Si la película nos habla de una versión atormentada de Estados Unidos, The Sweet East (Quincena de los Cineastas), primer largometraje de Sean Price Williams, director de fotografía de Alex Ross Perry y los Safdie, traza un retrato mucho más satírico del mismo país. Quizás también mucho más certero a partir de un personaje como el de la adolescente Lillian que, literalmente, se deja llevar, tanto por los avatares que le depara el guión como por las imágenes de Williams. Durante un viaje escolar a Washington D.C., Lillian consigue huir de un tiroteo para luego embarcarse en una serie de encuentros con unos activistas de izquierdas, un profesor universitario racista cuyo edredón está decorado con esvásticas, unos cineastas que la fichan de inmediato para rodar una película o unos islamistas radicales y gays… todo ello con Lillian vestida con trajes de época, como si estuviese salida del siglo XIX o de la comuna de The Village, de Shyamalan.

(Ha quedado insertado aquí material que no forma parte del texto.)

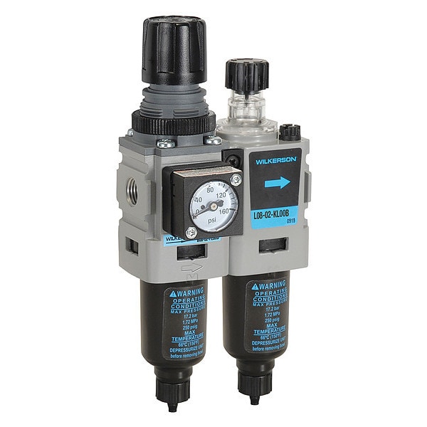Filter/Regulator/Lubricator, Air Inlet Size 1/4 in, Air Inlet Type NPT, Maximum Flow Rate 28 cfm, Maximum Operating Pressure 250 psi, Filter Rating 5 micron, Filter Bowl Material Aluminum, Filter Bowl Capacity 0.6 oz, Lubricator Bowl Capacity 0.6 oz, Drain Type Manual, Overall Width 3 1/8 in, Series D08, Adjustment Mechanism Knob, Adjustment Mechanism Material Acetal, Air Outlet Size 1/4 in, Air Outlet Type NPT, Body Material Aluminum, Drain Included Yes, Filter Bowl Guard Material Aluminum

Por increíble que parezca el día empezó con las cuatro horas y media de Occupied City (Sesiones Especiales), de Steve McQueen, pura calma que McQueen filma en las calles y plazas de Amsterdam y que en realidad son dos historias. La primera, quizás la más importante, es la que adapta un libro de Bianca Stigter, Atlas of an Occupied City (Amsterdam 1940-45). Una adaptación en la medida que, como John Gianvito en Profite Motive and the Whispering Wind, toma un libro como eje narrativo, como un medio para situar en un mapa los lugares de la memoria. En el caso de McQueen estos son los de la capital neerlandesa durante la ocupación nazi, un recorrido por las calles y edificios, muchos ya desaparecidos, que reproduce las palabras del libro de Stigter (la extraordinaria voz en off de Melanie Hyams) para situarlas sobre el Amsterdam contemporáneo para así fijar la memoria, particularmente de la presencia judía, las víctimas principales de la persecución de los nazis. Los textos de Stigter nos hablan de las detenciones, de los traslados a Westerbrok y después a Auschwitz, del Invierno del Hambre, de las actividades de la Resistencia o de algunas tímidas protestas, mientras las imágenes de McQueen nos retratan la ciudad en otro momento ciertamente singular, y esta es la segunda historia, la segunda lectura que propone Occupied City, el del cierre de la ciudad a causa de la pandemia del Covid-19 y el confinamiento. Es así cómo McQueen toma el pulso de la ciudad contemporánea, esa ciudad que va despertando al mismo ritmo que avanza la película, desde los planos fijos iniciales a las protestas contra el confinamiento, las cargas policiales o las manifestaciones denunciando el cambio climático filmadas por una cámara que no renuncia al movimiento, o que nos lleva desde el silencio inicial hasta una música que poco a poco se va imponiendo desde lo diegético a lo extradiegético. Nada que no hayamos visto en otras ocasiones (Straub, Lanzmann) solo que ahora adoptando la forma de una inesperada sinfonía urbana.